Unified multimodal model (5B: 3B VLM + 2B DiT) supporting text-to-image generation and image editing via a diffusers-compatible pipeline.

Original repository: https://github.com/deepgenteam/DeepGen
Backbone key: deepgen
Capabilities: Generation, Editing

Dependencies¶

The model environment is managed via the deepgen image defined in modal/images.py (Python 3.10, torch 2.8.0, diffusers 0.35.2). For local setup, install the dependencies listed in model/deepgen/requirements.txt.

Flash Attention (recommended)¶

DeepGen benefits from Flash Attention for faster inference. The Modal image already includes it. For local setup, install a pre-compiled wheel matching your environment — see modal/README.md for the exact environment parameters and installation instructions.

Inference¶

CLI¶

# Generation (text-to-image)
PYTHONPATH=src python -m umm.cli.main infer --config configs/inference/deepgen_generation.yaml

# Editing (image-to-image)
PYTHONPATH=src python -m umm.cli.main infer --config configs/inference/deepgen_editing.yaml

Python API¶

from umm.inference.pipeline import InferencePipeline
from umm.inference.multimodal_inputs import InferenceRequest

pipeline = InferencePipeline(backbone_name="deepgen", backbone_cfg={
    "model_path": "/model_cache/deepgen/DeepGen-1.0-diffusers",
    "seed": 42,
})

# Generation
result = pipeline.run(InferenceRequest(
    backbone="deepgen", task="generation",
    prompt="A cat sitting on a rainbow",
    params={"num_inference_steps": 50, "guidance_scale": 4.0},
))

# Editing
result = pipeline.run(InferenceRequest(
    backbone="deepgen", task="editing",
    prompt="Change the background to a beach",
    images=["path/to/image.jpg"],
    params={"num_inference_steps": 50, "guidance_scale": 4.0},
))

Note: DeepGen does NOT support image understanding (VQA). Although its architecture includes a 3B VLM (Qwen2.5 VL-3B), this component is used internally to provide semantic guidance for generation via Stacked Channel Bridging (SCB) — it does not expose a standalone understanding interface.

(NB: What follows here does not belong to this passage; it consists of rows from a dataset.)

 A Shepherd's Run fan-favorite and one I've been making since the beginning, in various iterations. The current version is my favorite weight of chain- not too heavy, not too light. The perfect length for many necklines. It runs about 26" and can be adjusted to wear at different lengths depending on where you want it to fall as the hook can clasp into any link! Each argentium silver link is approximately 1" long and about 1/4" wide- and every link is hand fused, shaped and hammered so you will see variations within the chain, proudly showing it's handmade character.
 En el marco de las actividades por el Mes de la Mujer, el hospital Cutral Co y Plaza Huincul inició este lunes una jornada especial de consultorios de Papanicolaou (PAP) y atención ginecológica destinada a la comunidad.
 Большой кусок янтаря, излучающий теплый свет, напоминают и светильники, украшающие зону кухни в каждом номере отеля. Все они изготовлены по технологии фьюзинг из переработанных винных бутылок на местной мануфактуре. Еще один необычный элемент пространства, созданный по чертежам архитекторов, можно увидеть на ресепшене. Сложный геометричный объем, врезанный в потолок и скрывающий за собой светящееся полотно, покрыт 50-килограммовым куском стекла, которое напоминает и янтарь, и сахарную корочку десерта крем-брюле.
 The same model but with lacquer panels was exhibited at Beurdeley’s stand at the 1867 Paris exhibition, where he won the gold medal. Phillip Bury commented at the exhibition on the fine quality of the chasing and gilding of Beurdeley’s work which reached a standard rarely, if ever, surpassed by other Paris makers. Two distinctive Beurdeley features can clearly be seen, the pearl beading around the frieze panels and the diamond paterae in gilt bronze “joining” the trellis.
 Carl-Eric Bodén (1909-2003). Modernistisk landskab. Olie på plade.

As a result, DeepGen cannot run benchmarks that require understanding capabilities (e.g., Uni-MMMU, UEval, MME, MMMU).

Supported Benchmarks¶

Benchmark	Config
GenEval	`configs/eval/geneval/modal_geneval_deepgen.yaml`
DPG-Bench	`configs/eval/dpg_bench/modal_dpg_bench_deepgen.yaml`
WISE	`configs/eval/wise/modal_wise_deepgen.yaml`
GEdit-Bench	`configs/eval/gedit/modal_gedit_deepgen.yaml`

Not supported: Uni-MMMU, UEval, and all VLM understanding benchmarks — these require image understanding capabilities that DeepGen does not provide.

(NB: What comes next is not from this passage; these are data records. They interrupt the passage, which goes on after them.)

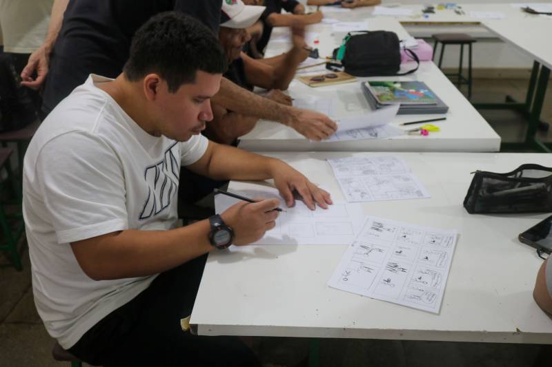 A Casa da Linguagem oferece a oficina Desenhos em Quadrinho e Produção em Fanzine. O instrutor do curso, Diogo Lima, falou da aceitação dos participantes ao conteúdo. “Essa oficina oportuniza às pessoas o acesso à linguagem de quadrinhos e à produção nesse formato de fanzine. Então, a gente contextualiza um pouco toda essa questão do campo de quadrinhos e da linguagem, como tiras, charge, revista, os quadrinhos digitais, entre outros”.
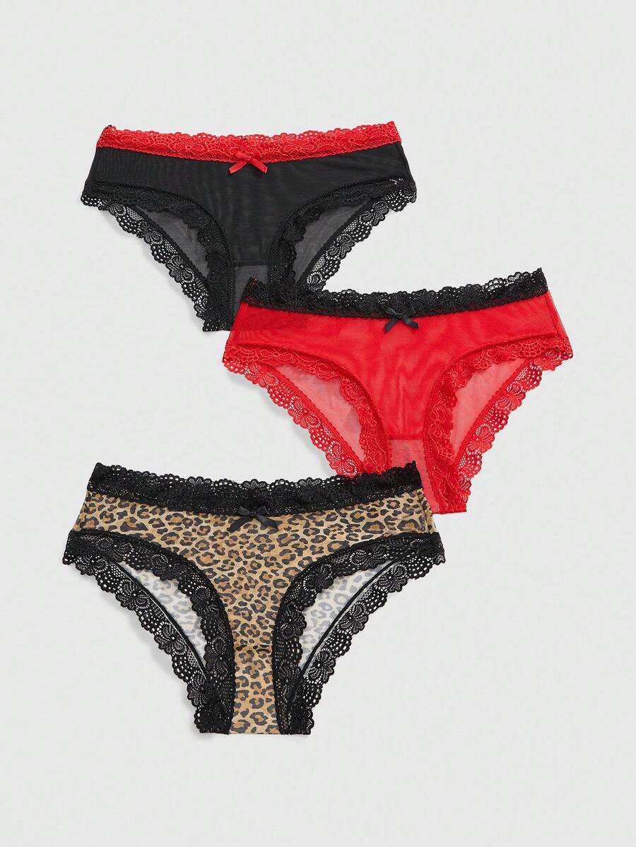 ROMWE Avant 3pcs/Set Fashionable Lace Patchwork Comfortable Sexy Panties
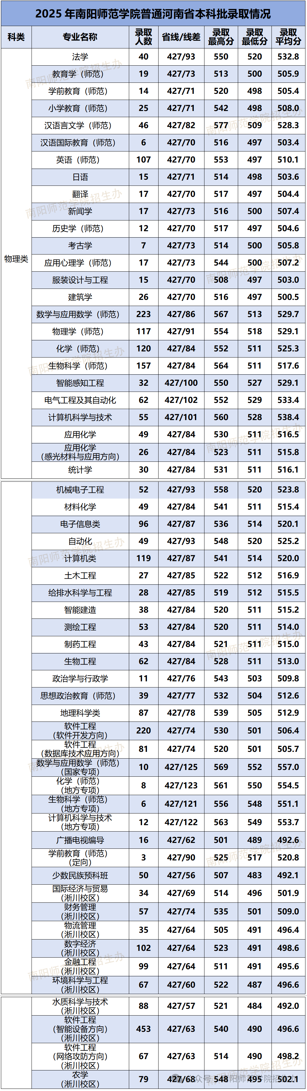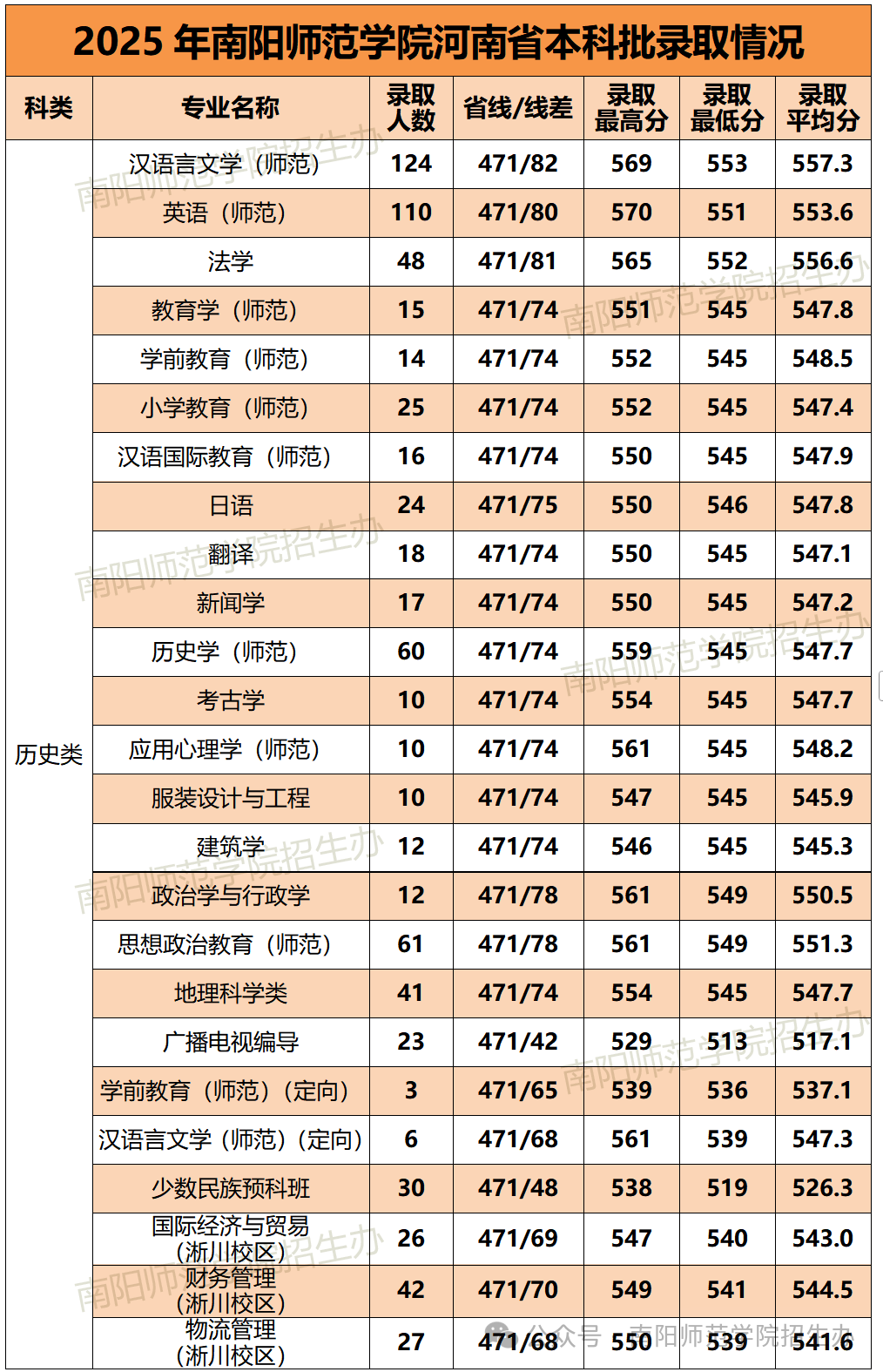 南阳师范学院2025年在河南录取分数线汇总

# Example: run GenEval on Modal
modal run modal/run.py --model deepgen --eval-config modal_geneval_deepgen

# Example: run WISE on Modal
modal run modal/run.py --model deepgen --eval-config modal_wise_deepgen

Key Configuration Parameters¶

All evaluation parameters follow the official DeepGen repo (EVAL.md).

Parameter	Default	Notes
`height` / `width`	512	All benchmarks use 512x512 per official EVAL.md
`num_inference_steps`	50
`guidance_scale`	4.0	Exception: DPG-Bench uses 7.5 (per official `dpg_bench.py`)
`seed`	42
`negative_prompt`	(see adapter)	Editing only